Boosting Arafat's image

September 24, 2002

A LITTLE MORE than a week ago, Palestinian leader Yasser Arafat's political profile read like that of a political has-been. His Cabinet resigned rather than face a vote of no confidence from the elected Palestinian Legislative Council. His attempts at reform -- a prerequisite to U.S. support for an independent state -- were revealed as a sham.

Then came the Israeli invasion of Mr. Arafat's headquarters in Ramallah, a spectacle of cannon blasts, clouds of fiery smoke and buildings bulldozed into rubble. It was the Israeli government's response to back-to-back suicide bombings last week that killed six Israelis and wounded dozens of others. The siege rehabilitated Mr. Arafat's tired image and reinvigorated the political persona he adores -- that of the besieged freedom fighter.

With enemies like that, who needs an image consultant?

There was Mr. Arafat, holed up in his compound, refusing to surrender the loyalists at his side whom the Israelis have branded as "wanted men." There was Mr. Arafat, in a telephone call to Palestinian supporters in Lebanon, vowing to defend their rights to a free homeland with Jerusalem as its capital. Thousands of Palestinians put aside their personal disgust with Mr. Arafat's corrupt regime to rally in support of their beleaguered leader.

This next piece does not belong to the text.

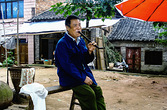 泸州城南旧事43-笑冒烟了多年前拍摄于泸州分水岭。那是一个赶场天,这剃头匠可能是跑摊的,在工闲时抽叶子烟,见我要拍,喜上心头,也是见过世面的人,在第二张图里就笑冒烟了。

Israel's pounding of Mr. Arafat's headquarters is yet another example of the folly of the government's strategy to force out the Palestinian leader. Mr. Arafat, who has made a career as a defender of the Palestinian people, is not going to succumb to Israel's demands with tanks, bulldozers and armored personnel carriers at his door. He couldn't pay for that kind of publicity. Why should he flee when international leaders, including the president of the United States, are condemning Israel's actions?

The attack also doesn't serve Israel's legitimate aim of ferreting out the militants responsible for the terrorist attacks on its civilians. The Islamic Resistance Movement, known as Hamas, claimed responsibility for Thursday's bus bombing in Tel Aviv in which five people died. There's no indication that the planners of that attack are holed up in Mr. Arafat's headquarters.

The double suicide bombings last week broke a six-week halt in the violence that has devastated Israel and the Palestinian territories in the past two years and resulted in the deaths of about 2,000 people, including 500 Israelis. The Israeli government felt compelled to respond to the latest attack to defend its people.

But it has become clear over these many months that a political resolution of this conflict won't take place until Palestinians have a leadership team in place that commands the respect of its people and Middle East peace brokers. Targeting Mr. Arafat's headquarters in a punishing assault won't bring that change about any sooner.